Improving temperature measurements for gases using spectroscopy
Accurate measurement of gas temperature is fundamental to many applications, including industrial processes, climate observation and emission surveillance.
However, traditional contact methods come with a number of issues, such as poor thermal contact with the gas or lack of resilience when used under harsh conditions. Spectroscopic methods are often employed instead, relating the temperature of the gas to the spectrum of radiation it absorbs or emits. Spectroscopy allows for remote sensing, which is useful for ground-based climate observations and other long-distance surveying.
However, these methods still need to be validated. Additionally, there is a need to extend the range of gas pressures and gas species which can be monitored.
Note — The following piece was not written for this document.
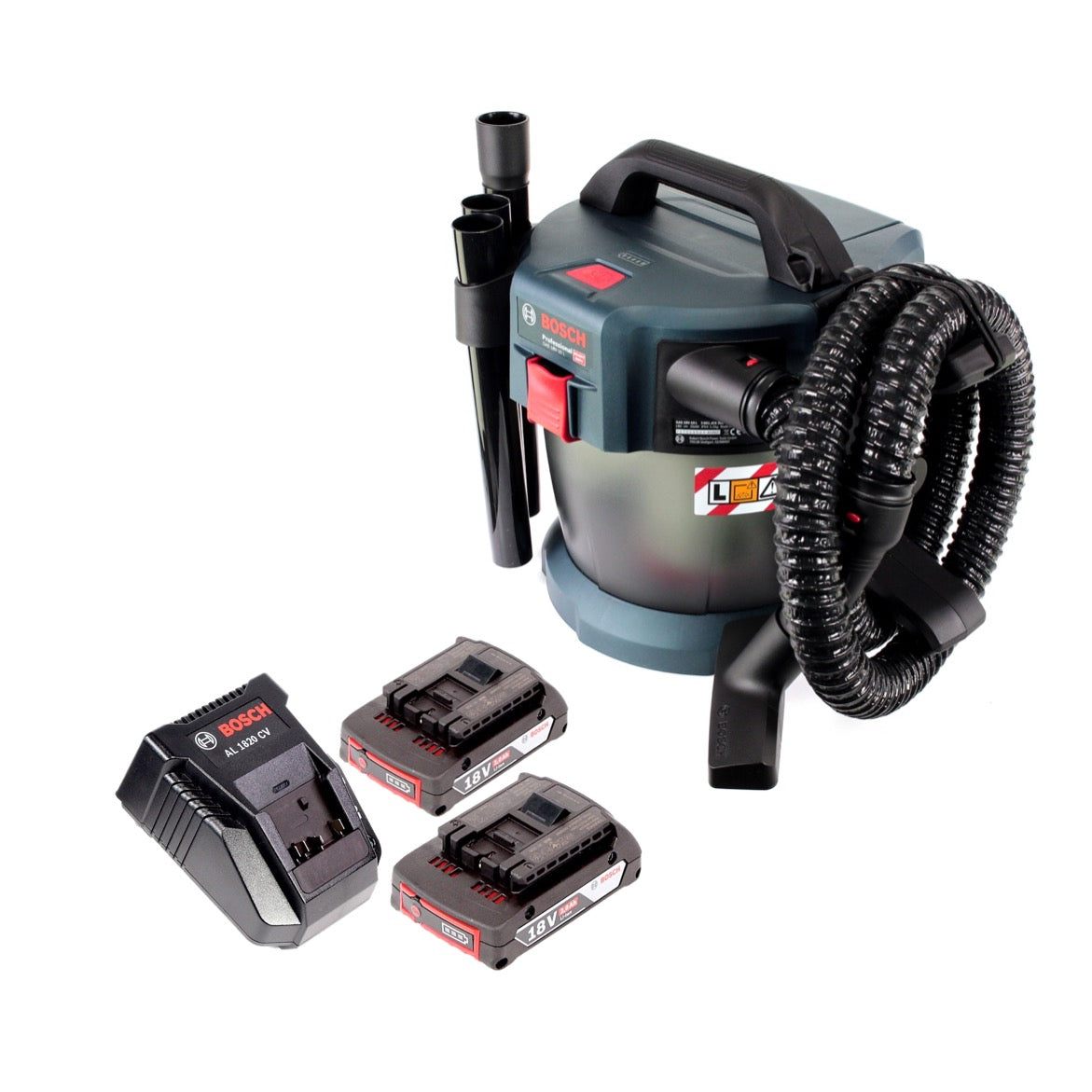 Bosch GAS 18V-10 L Professional Li-Ion Akku Staubsauger Nass- und Trockensauger + 2x GBA 2,0 Ah Akku + AL 1820 CV Ladegerät

The project will expand monitoring capabilities to include a number of new ‘sensor’ molecules, such as CO, CO2 and O2, determining the optimal transitions to measure for each at temperatures of 200–400 K. It will develop a methodology for these measurements using Rotational-Vibrational Spectroscopic Gas Thermometry (RVSGT), developing the infrastructure needed to make primary gas temperature measurements using existing spectroscopy capabilities, with a target uncertainty of 25 mK. The developed RVSGT technique will be cross validated against other non-contact methods such as Doppler broadening thermometry and two-line laser thermometry.
The work of the project will increase the number of gas species RVSGT can be used to analyse, expanding the utility of spectroscopic thermometry.
This will lead to more accurate measurements of gas temperature, allowing for more accurate climate observation and emission surveillance at longer distances and with more resilience to harsh conditions.